▼

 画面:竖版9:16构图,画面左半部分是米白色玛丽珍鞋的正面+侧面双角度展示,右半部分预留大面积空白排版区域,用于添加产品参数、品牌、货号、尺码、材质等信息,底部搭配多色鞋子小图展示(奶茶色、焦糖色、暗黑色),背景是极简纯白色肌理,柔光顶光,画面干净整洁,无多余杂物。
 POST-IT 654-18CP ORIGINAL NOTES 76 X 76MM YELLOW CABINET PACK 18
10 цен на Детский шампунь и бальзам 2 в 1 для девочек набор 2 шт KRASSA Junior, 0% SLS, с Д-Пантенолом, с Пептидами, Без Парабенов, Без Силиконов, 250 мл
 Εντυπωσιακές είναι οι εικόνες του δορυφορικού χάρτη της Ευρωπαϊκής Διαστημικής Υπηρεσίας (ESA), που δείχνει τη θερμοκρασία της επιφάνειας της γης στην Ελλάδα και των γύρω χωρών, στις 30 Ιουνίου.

▲
▼

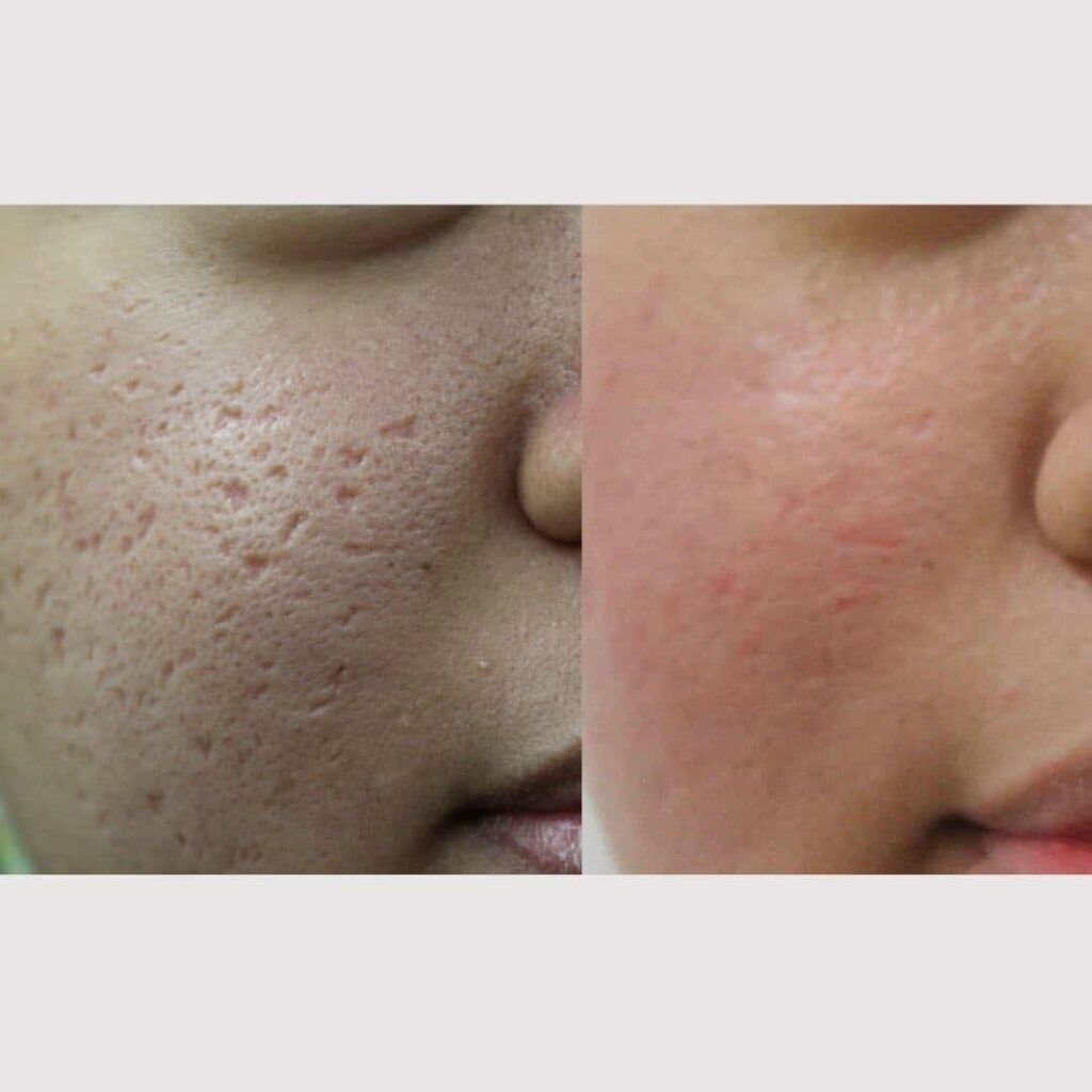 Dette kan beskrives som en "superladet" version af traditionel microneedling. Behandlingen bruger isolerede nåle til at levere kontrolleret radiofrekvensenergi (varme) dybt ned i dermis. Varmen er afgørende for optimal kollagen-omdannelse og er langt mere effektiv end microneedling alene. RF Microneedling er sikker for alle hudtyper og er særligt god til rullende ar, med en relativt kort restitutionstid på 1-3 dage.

▲
▼

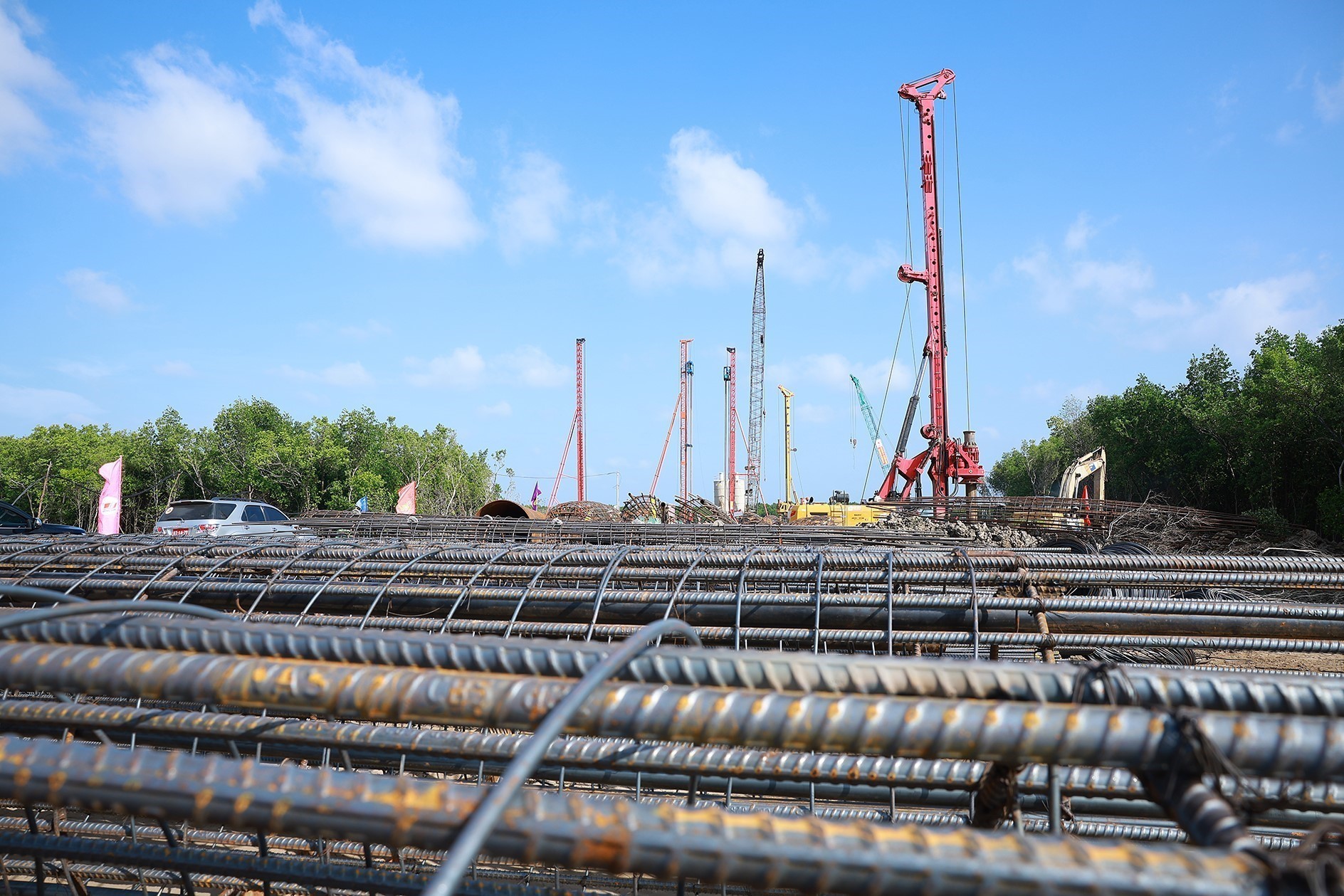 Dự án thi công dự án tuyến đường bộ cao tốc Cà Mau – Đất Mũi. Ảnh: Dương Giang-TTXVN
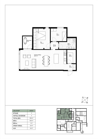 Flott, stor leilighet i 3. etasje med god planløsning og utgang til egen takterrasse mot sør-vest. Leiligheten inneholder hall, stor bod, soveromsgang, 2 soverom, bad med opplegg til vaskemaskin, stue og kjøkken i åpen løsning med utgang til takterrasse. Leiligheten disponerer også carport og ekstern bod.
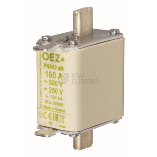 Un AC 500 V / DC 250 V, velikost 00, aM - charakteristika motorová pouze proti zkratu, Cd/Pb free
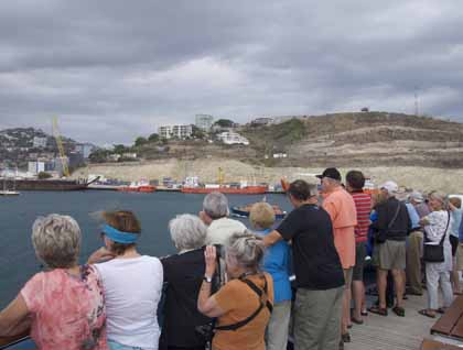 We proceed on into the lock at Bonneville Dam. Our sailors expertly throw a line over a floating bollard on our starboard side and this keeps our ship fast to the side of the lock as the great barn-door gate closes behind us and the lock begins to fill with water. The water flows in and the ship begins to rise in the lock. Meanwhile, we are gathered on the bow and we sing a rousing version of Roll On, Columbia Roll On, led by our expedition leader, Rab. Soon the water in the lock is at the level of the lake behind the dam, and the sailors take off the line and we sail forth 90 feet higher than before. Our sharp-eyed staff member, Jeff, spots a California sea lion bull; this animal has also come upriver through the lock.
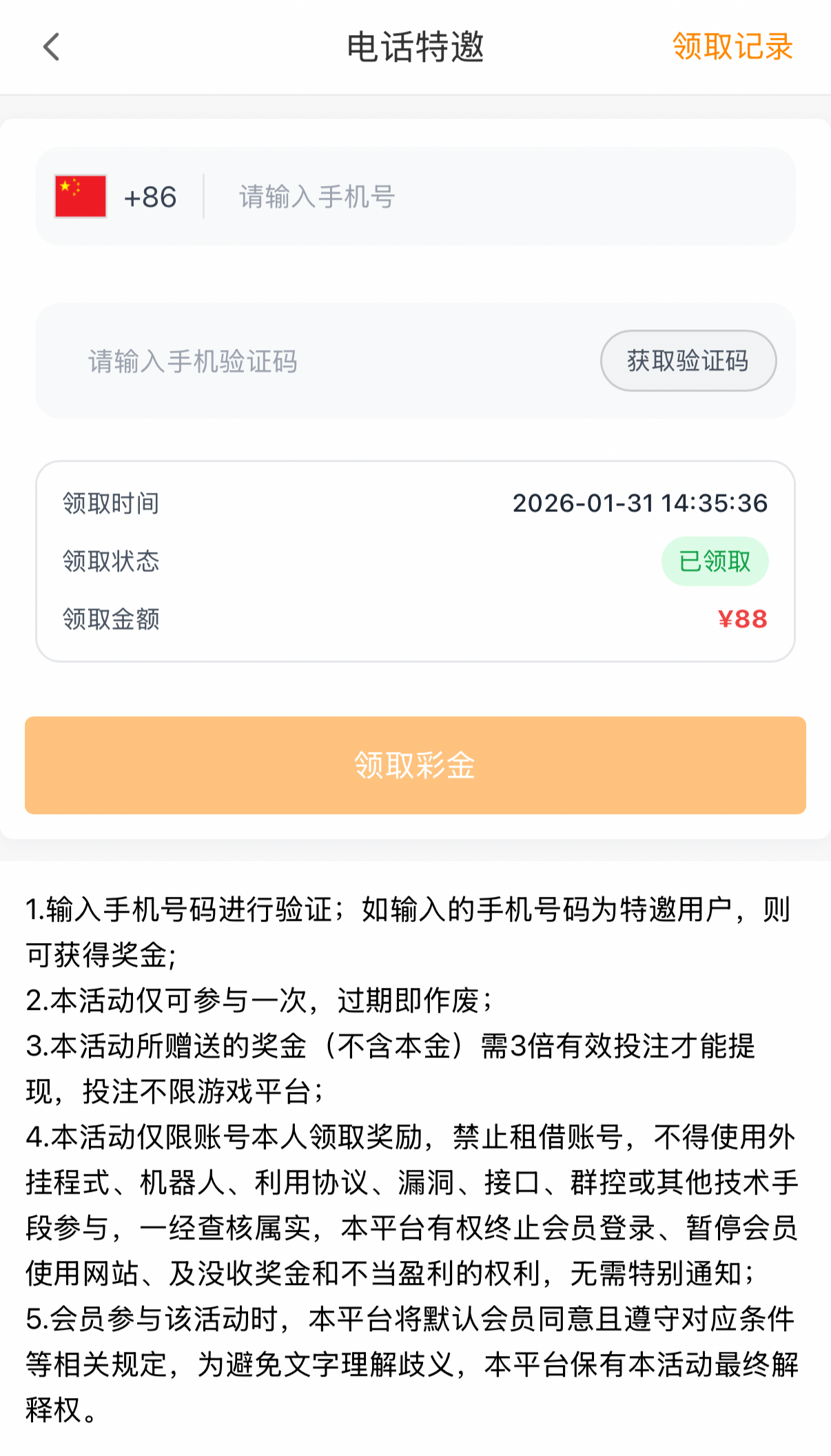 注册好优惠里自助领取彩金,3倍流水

▲

Your task.
All lines above from the line with "画面:竖版9:16构图,画面" through the line with "Εντυπωσιακές είναι οι", both included, are to be set down exactly, with nothing else.

Solved exercise.
 画面:竖版9:16构图,画面左半部分是米白色玛丽珍鞋的正面+侧面双角度展示,右半部分预留大面积空白排版区域,用于添加产品参数、品牌、货号、尺码、材质等信息,底部搭配多色鞋子小图展示(奶茶色、焦糖色、暗黑色),背景是极简纯白色肌理,柔光顶光,画面干净整洁,无多余杂物。
 POST-IT 654-18CP ORIGINAL NOTES 76 X 76MM YELLOW CABINET PACK 18
10 цен на Детский шампунь и бальзам 2 в 1 для девочек набор 2 шт KRASSA Junior, 0% SLS, с Д-Пантенолом, с Пептидами, Без Парабенов, Без Силиконов, 250 мл
 Εντυπωσιακές είναι οι εικόνες του δορυφορικού χάρτη της Ευρωπαϊκής Διαστημικής Υπηρεσίας (ESA), που δείχνει τη θερμοκρασία της επιφάνειας της γης στην Ελλάδα και των γύρω χωρών, στις 30 Ιουνίου.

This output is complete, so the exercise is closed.